From LLM scrapers to AI agents: mapping the AI bot landscape for detection teams

AI bots, AI scrapers, AI agents—you’ve seen these terms thrown around in product announcements, Hacker News posts, and marketing decks. But behind the hype, what do these bots actually do? And more importantly, how are they changing the fraud and bot detection landscape?

This article introduces the main types of bots emerging from the generative AI wave and explains why AI agents, in particular, are forcing online businesses to rethink their detection strategies.

We’ll start with definitions and categories, then briefly explore how these bots impact risk and detection. In future posts, we’ll go deeper into how to detect and authenticate AI bots, especially AI agents.
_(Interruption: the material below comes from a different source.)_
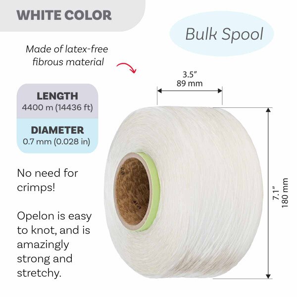 OPELON WHITE 4400M .7MM STRETCH CORD.1.1 KILO SPOOL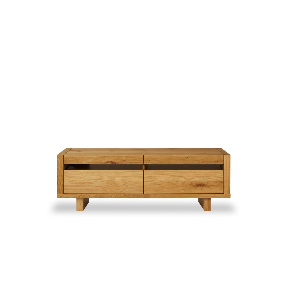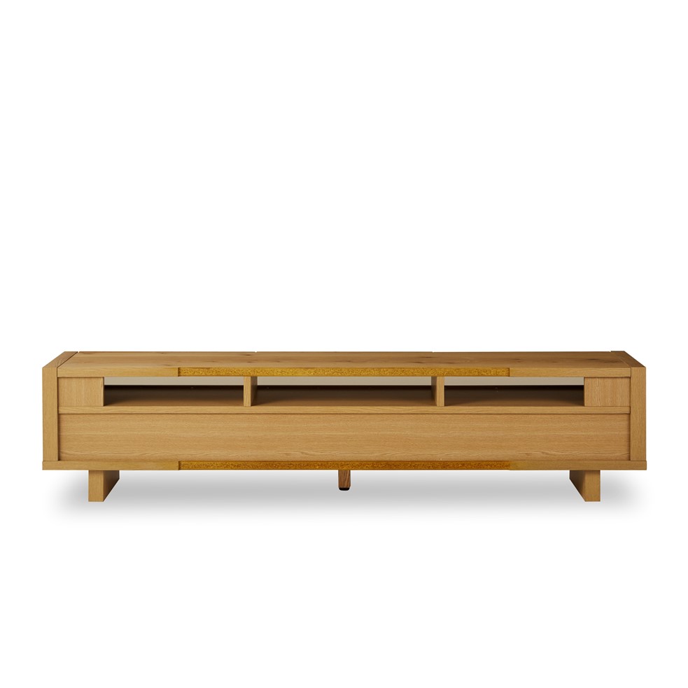 無骨な見た目に、雄々しい木脚をつけたローボードです。

What qualifies as an AI bot?

"AI bot" is an overloaded term that can refer to at least three distinct use cases:

LLM scrapers/crawlers: bots that collect data to train large language models (LLMs)
RAG/search bots: bots that retrieve live information during user interactions (e.g. for answering current event questions)
AI agents: bots that perform actions on behalf of users, like navigating websites or making purchases

These three categories differ in purpose, architecture, and impact. For detection teams, it’s critical to distinguish between them because they show up differently in traffic logs, pose different risks, and require different defenses.

Who’s building these bots, and what are they building?
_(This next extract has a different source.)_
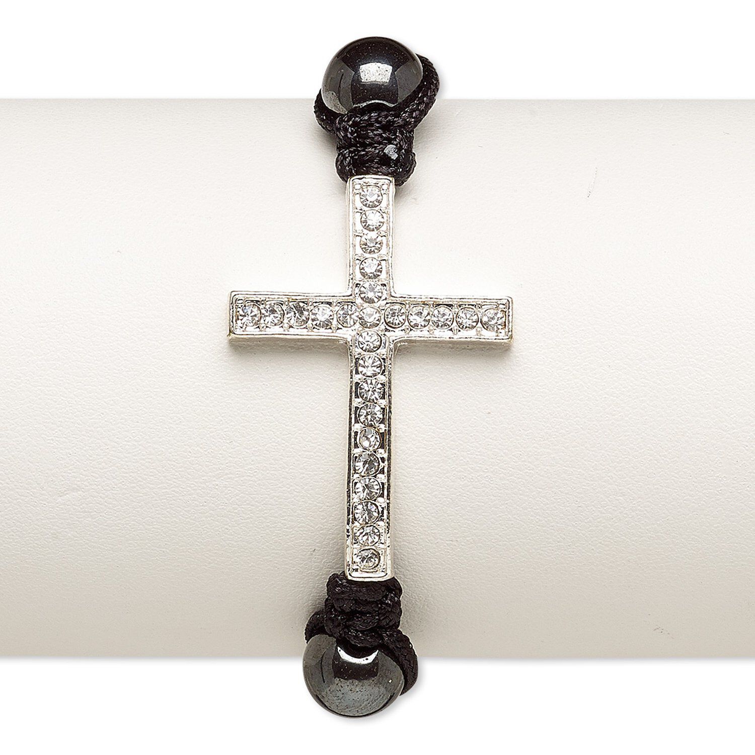 Bracelet, Hemalyke™ (manmade) / glass rhinestone / waxed cotton cord / silver-plated "pewter" (zinc-based alloy), black and clear, 36.5x26mm curved cross, adjustable from 7-10 inches with macramé knot closure. Sold individually.

The companies shaping the AI bot landscape vary significantly in terms of what they build. Some focus on developing foundation models, large-scale language models trained on vast datasets, while others specialize in creating user-facing tools that leverage these models.

OpenAI and Anthropic are examples of companies that train their own LLMs (like GPT-4o or Claude) and also provide applications for end-users to interact with these models. Their products typically include a chat interface, which has become the dominant UX for LLMs today. OpenAI’s ChatGPT and Anthropic’s Claude serve as both user access points and integration hubs for other tools, including emerging AI agents like OpenAI’s Operator.

Other players, like Google and Mistral, also develop their own models. Google’s Gemini is deeply integrated into its existing ecosystem, while Mistral focuses on smaller, open-weight models and offers a lightweight chat frontend called “le Chat.” X (formerly Twitter) has taken a more productized approach with Grok, an in-platform assistant that leverages LLM technology but is tightly embedded within its social platform.

Perplexity stands out because it doesn’t train its own foundation models. Instead, it builds new ways to interact with existing ones, often using APIs from OpenAI or Anthropic. What sets Perplexity apart is its focus on augmenting model capabilities with real-time search and browsing (Comet), or tools that behave like AI agents. These innovations make third-party models more actionable in specific tasks, such as information retrieval or task automation.

It's important to understand not just who is behind these bots, but what they're building and why. Some companies deploy web crawlers to collect training data, others run retrieval APIs that fetch real-time information during user queries, and a few are developing autonomous agents that browse or transact on the web. Knowing their purpose helps you anticipate their behavior, assess the risk, and decide how to respond appropriately.

Categories of AI bots

1. LLM scrapers: training data collection at scale

Training a modern large language model (LLM) requires massive amounts of text data. While some of this data is sourced from public datasets like Common Crawl, many providers supplement it by scraping websites directly. This scraping is typically done by automated bots that crawl the web to collect training material, what we refer to as LLM scrapers.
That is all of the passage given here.